KRA targets online businesses in tax evasion crackdown
The Kenya Revenue Authority (KRA) has set sights on businesses using the Internet to market and sell products in a renewed bid to reduce revenue leakage through tax evasion.
The taxman says some of the businesses, which have invested in online channels to provide services and drive sales were neither paying taxes nor filing annual returns.
“KRA would like to advise that unless income or supply is expressly exempt in the law, appropriate taxes should be paid,” the agency said in a statement.
"KRA would, therefore, like to remind taxpayers that the self-assessment regime requires them to file and pay taxes."

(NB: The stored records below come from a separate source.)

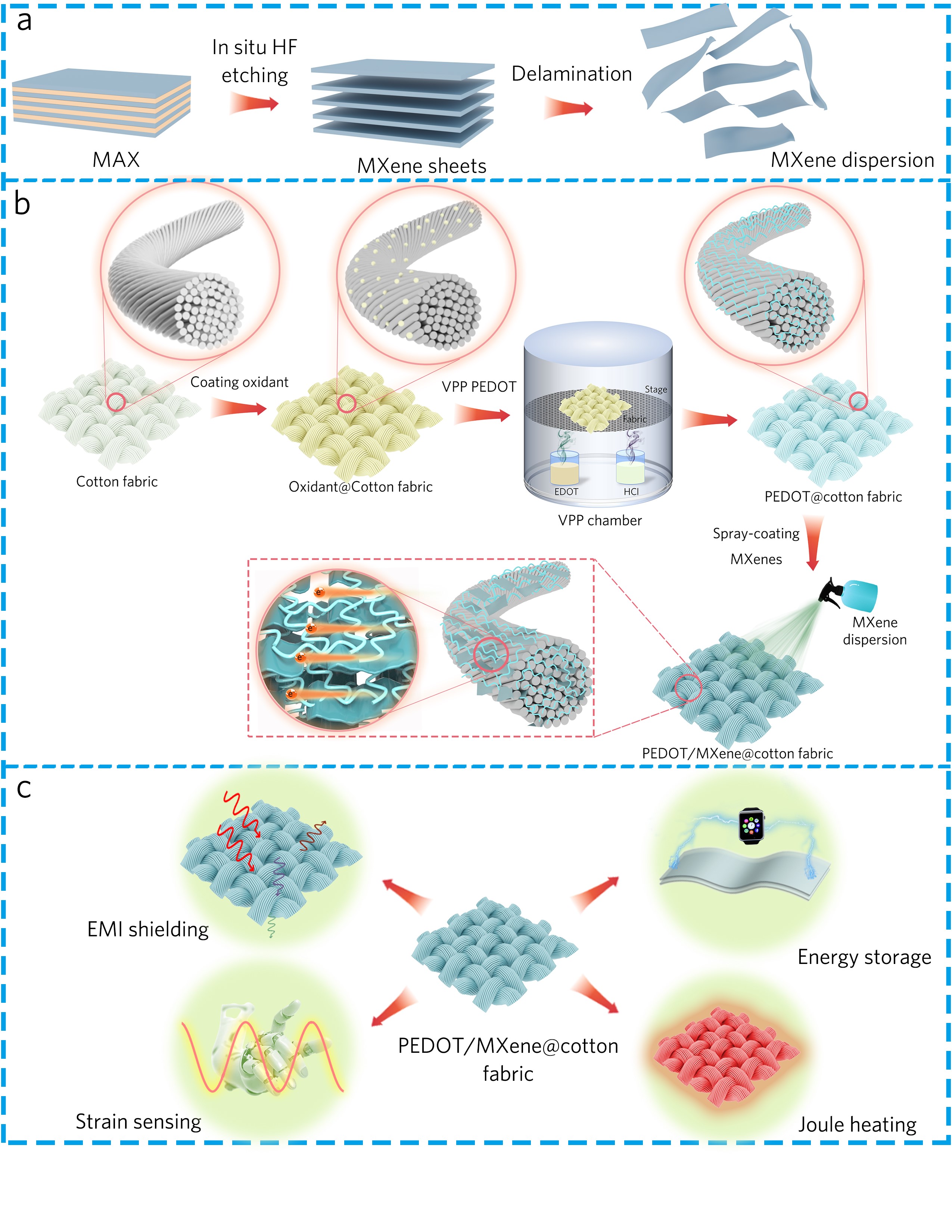 多功能集成纺织品一直被认为是一种理想的可穿戴电子器件的制备方法。然而,织物在功能集成的过程中如何不牺牲织物固有性能始终是一项重要挑战。针对上述问题,我校纺织服装学院智能可穿戴研究团队经过长期研究攻关,取得系列重要进展,相关成果分别以“Vapor phase polymerized conducting polymer/MXene textiles for wearable electronics”和“Multifunctional RGO/Ti3C2Tx MXene fabrics for electrochemical energy storage, electromagnetic interference shielding, electrothermal and human motion detection”为题发表于Nanoscale(中科院1区TOP,IF=6.895)和Materials & Design(中科院1区TOP,IF=6.289),论文均以日韩欧美福利视频_黑人巨大人精品欧美三区_欧美成人另类人妖_欧美在线精品一区二区三区_欧美一区二区三区性视频_日韩精品欧美视频_性欧美极品xxxx欧美一区二区为第一单位,第一作者为郑贤宏博士,通讯作者为王宗乾教授。该研究分别开发了一种基于石墨烯/过渡金属碳化物/氮化物(MXene)改性纺织品和气相聚合PEDOT/MXene改性纺织品,制备的纺织品具有优异的导电性、透气性和柔韧性,展现出优异的电化学性能(比电容:1000 mF/cm2),电热性能(表面温度:193.1°C)和电磁屏蔽性能(屏蔽效能,36.62 dB),并具有优异的低应变传感性能,可用于检测人体多种运动状态。该研究成果在智能纺织品领域具有广泛的应用前景,为功能性纺织品的结构设计提供了新方法和新思路,为智能可穿戴器件的发展奠定了基础。
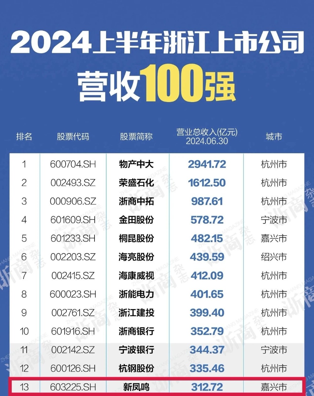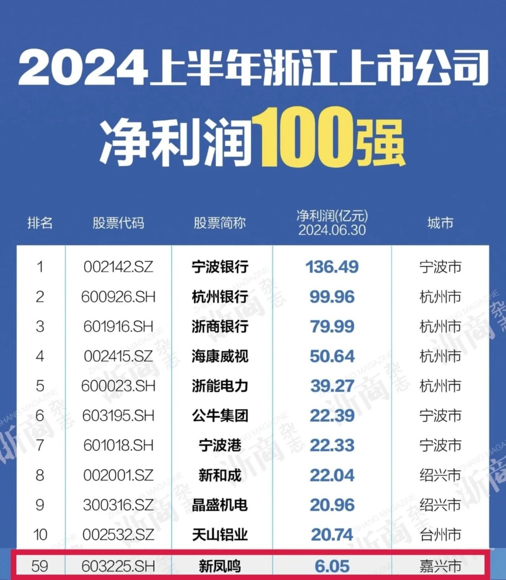 摩登4-梦想照进现实,努力成就未来!NO.13、NO.59!2024上半年浙江上市公司营收、净利润双百强榜出炉
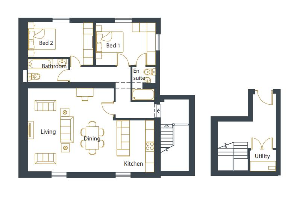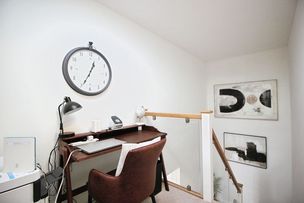 Upon entering the property, you are welcomed by a spacious hallway featuring a useful utility cupboard and ample storage. Stairs lead to the first floor, where you will find a versatile office space - ideal for home working. A further short staircase leads to an impressive open-plan kitchen and living area, boasting high ceilings and large windows that flood the space with natural light, creating a bright and airy atmosphere.
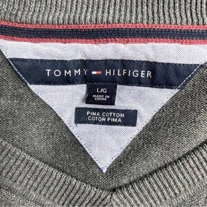 Tommy Hilfiger Grey Pima Cotton Knit V Neck Pullover Light Sweater L
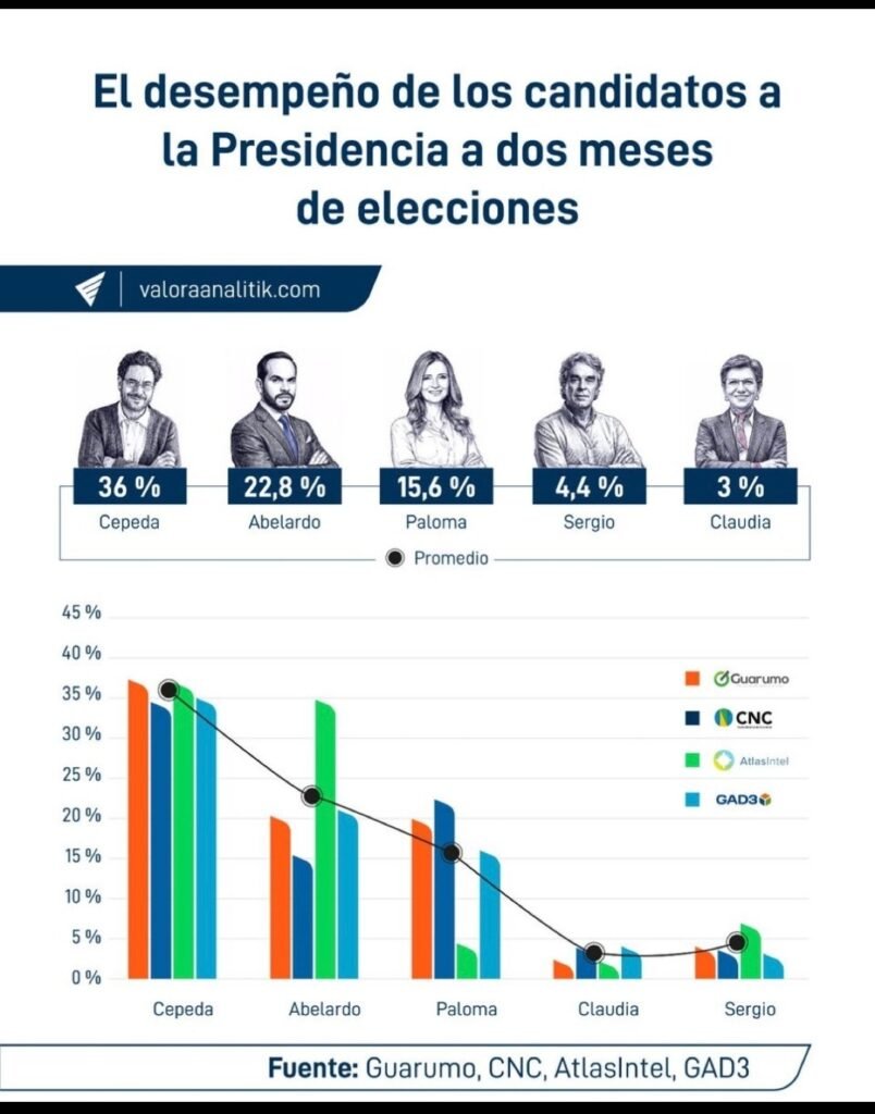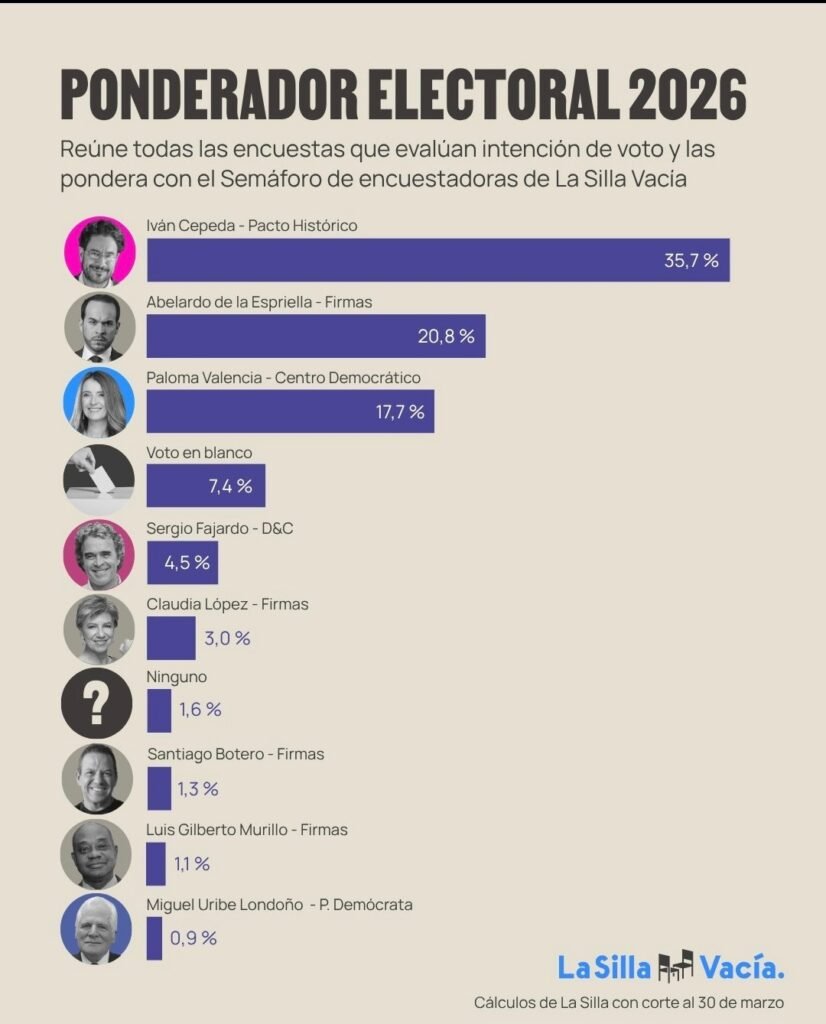 Dos prestigiosos medios de comunicación han publicado los resultados de sus mediciones y ponderaciones sobre las encuestas a la Presidencia de la República: en ambas, Cepeda puntea, seguido únicamente por Abelardo de la Espriella.

Firms with annual revenue of more than Sh5m are under the law required to register for value-added tax (VAT) obligation. This will see them charge the standard 16 percent tax on supplies, among other taxes, and remit the same to the taxman.
SPYING ON TRANSACTIONS
Those that generate less than Sh5 million a year are, on the other hand, obligated to pay presumptive tax at the rate of 15 per cent of the annual single business permit fee issued by a county government in a law enforced in January this year.
The taxman said earlier in the year it has invested heavily in intelligent technological systems capable of spying on transactions by businesses and homes.
Online businesses do not, however, have physical addresses or legal structures in the jurisdictions they operate, making it easy to escape the taxman’s noose as well as counties which issue business permits.
The KRA has singled out taxation of the emerging digital economy, a headache for global revenue agencies, as a major risk to meeting the Sh6.1 trillion target in the three-year period through June 2021.
“The digital economy … comes with its own set of challenges, including new business models built on mobile and Web-based transactions,” the agency says in the corporate plan for the period.